People are living longer and will therefore need more retirement savings in the future to maintain living standards.

As David Fairs, partner at pensions consultancy LCP, says in the report: “We have made no progress in adapting our pensions system to the modern world. The three phases of our lives – education, work and retirement used to be neatly divided into thirds, but this is no longer the case.

“We cannot save enough over a 40-year working life to retire for 20-25 years.

“We change jobs, we alternate between full-time, part-time, employed, self-employed and unemployed. We get married, divorced and remarried. The retirement system needs to adapt.”

The good news is that for most workers, there is still time to plan ahead and still time to save more.

This is particularly the case for younger workers in the UK.

One of the last acts of Rishi Sunak’s government was a change in the law so that employers will in future have to automatically enroll workers into their pension scheme at age 18, rather than age 22.
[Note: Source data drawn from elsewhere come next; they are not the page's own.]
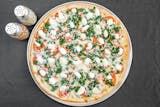 Sliced tomatoes, spinach, ricotta, mozzarella & fresh garlic.
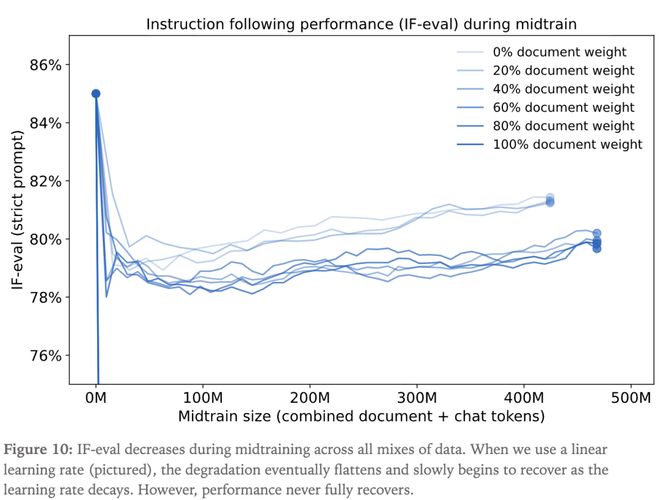 在所有数据混合比例下,IF-eval 的分数在中期训练期间都会下降。当使用线性学习率(如上图所示)时,性能下降最终会趋于平缓,并随着学习率的衰减而缓慢开始恢复。然而,性能从未完全恢复。
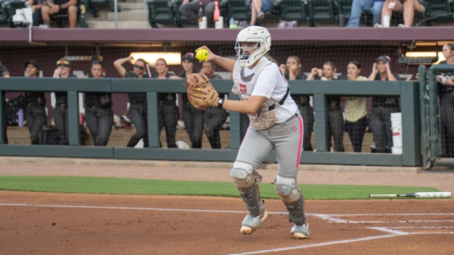 No. 5 Texas A&M made swift work of Sam Houston on Tuesday night as the Aggies run-ruled the Bearkats 10-0. Starting in the circle, Emily Leavitt was dominant in a one-hit performance as Mya Perez paced the offense with six RBIs.
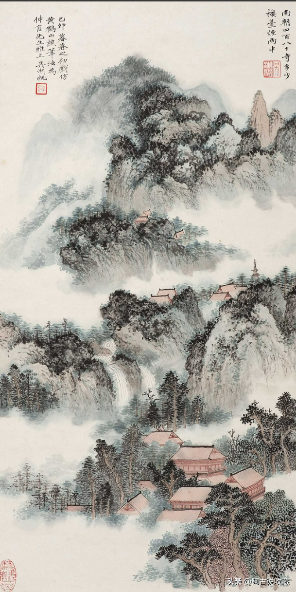 在今年邦瀚斯九月纽约亚洲艺术周中吴湖帆的《秋山萧寺》是作为焦点拍品的,设色纸本 镜框,1950年作,估价:80,000 – 120,000美元。
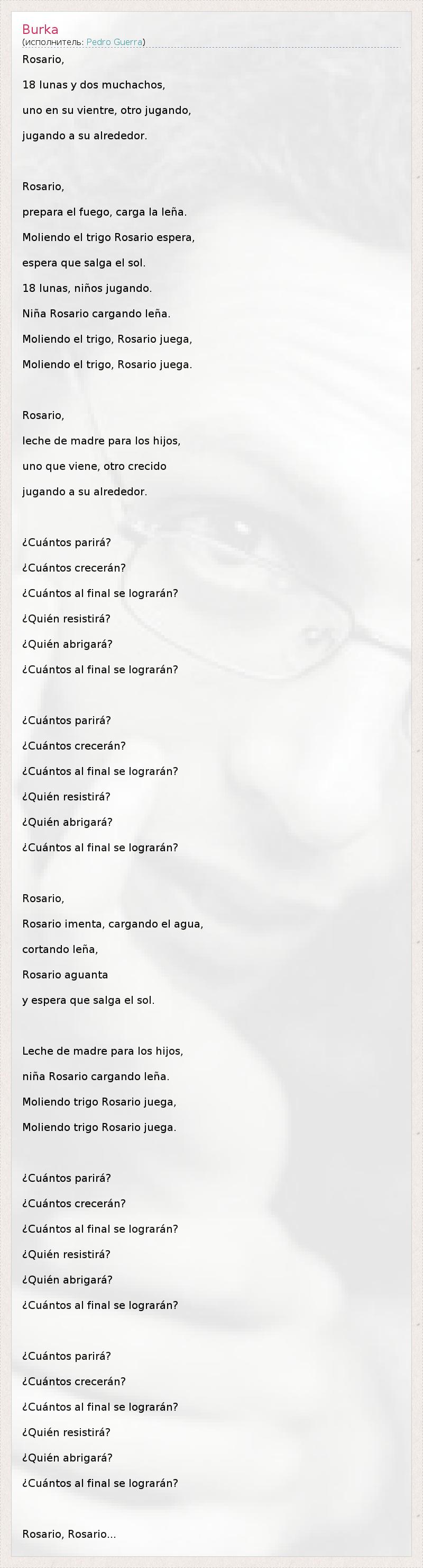 Rosario, 18 lunas y dos muchachos, uno en su vientre, otro jugando, jugando a su alrededor. Rosario, prepara el fuego, carga la leña. Moliendo el trigo Rosario espera, espera que salga el sol. 18 lunas, niños jugando. Niña Rosario cargando leña. Moliendo el trigo, Rosario juega, Moliendo el trigo, Rosario juega. Rosario, leche de madre para los hijos, uno que viene, otro crecido jugando a su alrededor. ¿Cuántos parirá? ¿Cuántos crecerán? ¿Cuántos al final se lograrán? ¿Quién resistirá? ¿Quién abrigará? ¿Cuántos al final se lograrán? ¿Cuántos parirá? ¿Cuántos crecerán? ¿Cuántos al final se lograrán? ¿Quién resistirá? ¿Quién abrigará? ¿Cuántos al final se lograrán? Rosario, Rosario imenta, cargando el agua, cortando leña, Rosario aguanta y espera que salga el sol. Leche de madre para los hijos, niña Rosario cargando leña. Moliendo trigo Rosario juega, Moliendo trigo Rosario juega. ¿Cuántos parirá? ¿Cuántos crecerán? ¿Cuántos al final se lograrán? ¿Quién resistirá? ¿Quién abrigará? ¿Cuántos al final se lograrán? ¿Cuántos parirá? ¿Cuántos crecerán? ¿Cuántos al final se lograrán? ¿Quién resistirá? ¿Quién abrigará? ¿Cuántos al final se lograrán? Rosario, Rosario...
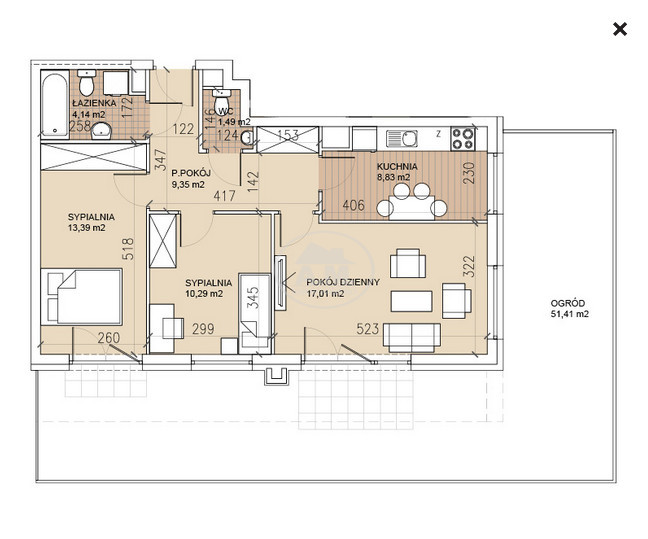 Narożne mieszkanie z osobną kuchnią i dużym ogrodem.
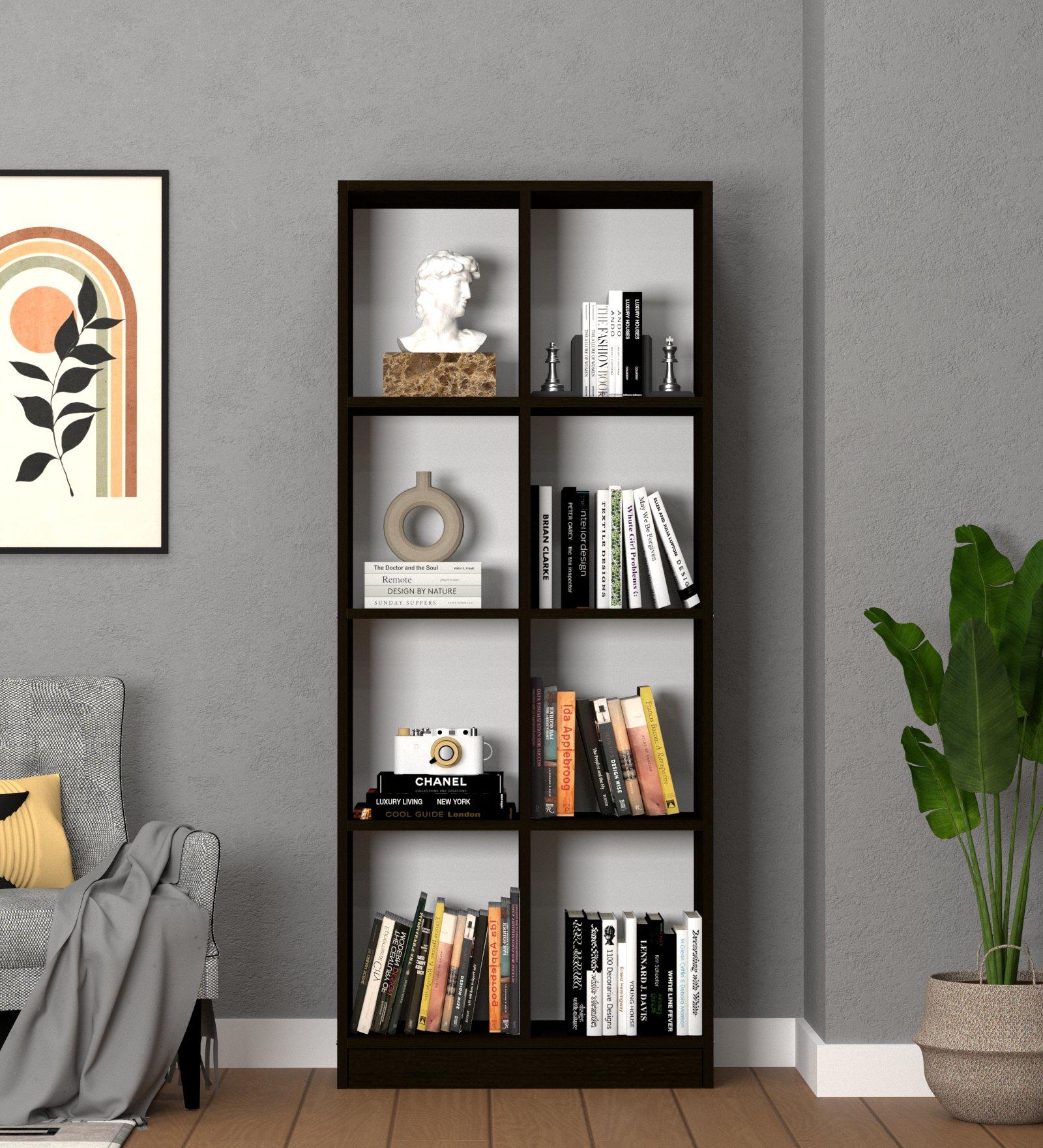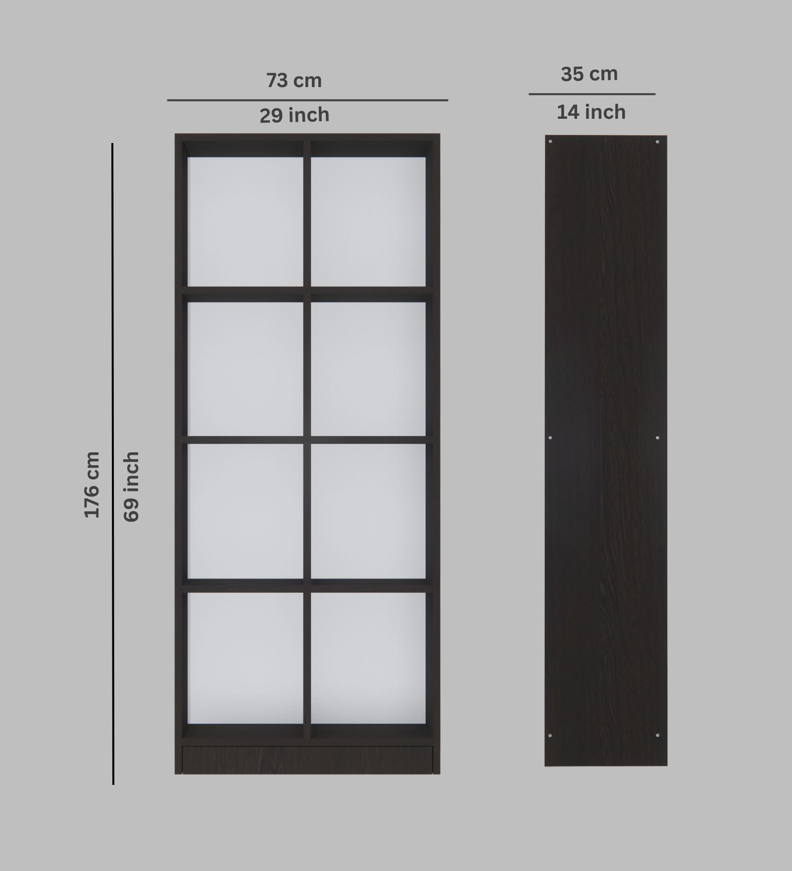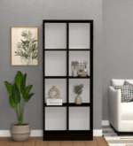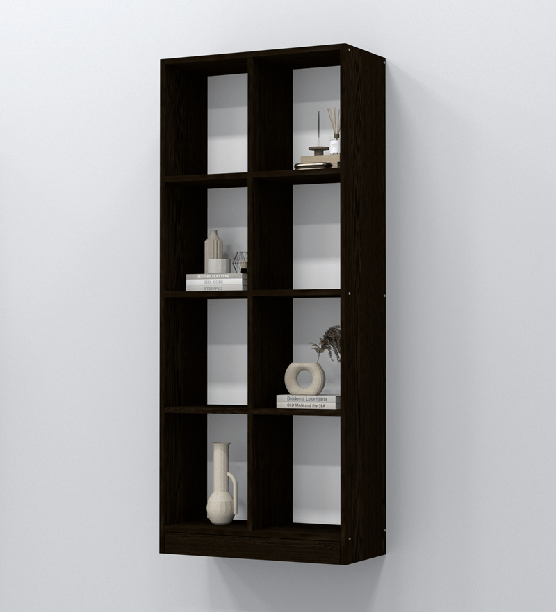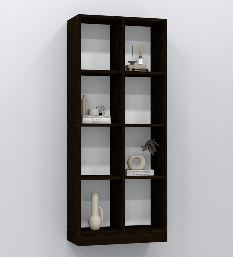 Book Shelf is a free standing furniture unit with multiple horizontal stack of racks or shelves which are used for varied purposes to store your books or display curios. The checkered maze of Matrix bookshelf fits seamlessly to your home corners. Matrix bookshelf creates an aesthetic visual pathway that is soothing to look at. 8 open compartments for quick access.

Employers will also no longer be able to disregard the first £6,240 of an employee’s earnings when calculating how much they should contribute to their scheme – potentially increasing the sums invested on behalf of lower-paid workers.

Meanwhile, the new government promises that the Pensions Bill it published last week, which largely picks up the work of the previous government, will increase the value of the average saver’s pot by 9% – around £11,000 – over their lifetime .

This is all a step in the right direction.

Ultimately, however, it will not replace the increased sums saved by all of us.